В этот субботний вечер семнадцатилетний Саша Бортников пошел посмотреть на репетицию открытия Комсомольского озера…

Пошел, потому что дома делать было совершенно нечего. Высоко в догорающем небе чертили круги ласточки, с реки тянуло прохладой. Вступив на затемненную листвой тропинку, он прошел вглубь парка и уже собирался свернуть к берегу, к плавающим по вечерней воде лодкам, как вдруг увидел в конце аллеи знакомую фигуру. Девушка в светлой блузке стояла лицом к нему, а возле нее стоял какой-то мужчина, белея рубашкой в наступающих сумерках.

Девушку, а вернее молодую женщину звали Аллой. Она жила в соседнем подъезде их трехэтажного дома. Саша знал о ней почти все. Знал, что ей двадцать пять, что она успела побывать замужем за каким-то военным специалистом и теперь жила одна в двух комнатах; знал, что пока она жила с мужем, ее часто видели с другими мужчинами, и сейчас видят, и что бабушки во дворе называют ее пропащей.
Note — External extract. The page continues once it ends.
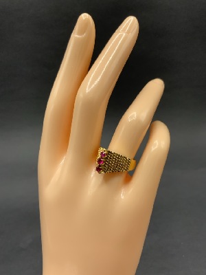 18K Yellow Gold Ruby Pyramid Form Ring. Size 6.5 Total weight: 5.2 grams.

Но это слово его не отталкивало, наоборот, почему-то притягивало. При случайных встречах на улице он начинал волноваться и исподтишка провожал ее взглядом. Ее нельзя было назвать красивой, наверное, она была обычной молодой женщиной, которую не выделишь в толпе; со стрижкой каре, с чересчур большим ртом, невысоким роста, но Саша почему-то терялся, когда она мимоходом скользила по нему своими зелеными взрослыми глазами.

За все время жизни по соседству они даже ни разу не поздоровались, скорее всего, она его даже не замечала. Разница в восемь лет была огромной, они жили в разных измерениях, он был еще мальчишкой, только вступающим в сложный и запутанный мир взрослых, а она уже забыла, что такое детство. И никогда раньше Саша не осмелился бы с ней заговорить, и сейчас бы не смог, если бы не поведение незнакомого мужчины. В какой-то момент их разговора, он вдруг грубо схватил ее за руку, что-то резко сказал, затем оттолкнул, развернулся и быстро прошел по аллее, едва не столкнувшись с Сашей плечами.

Алла осталась стоять, сумерки скрывали выражение ее лица.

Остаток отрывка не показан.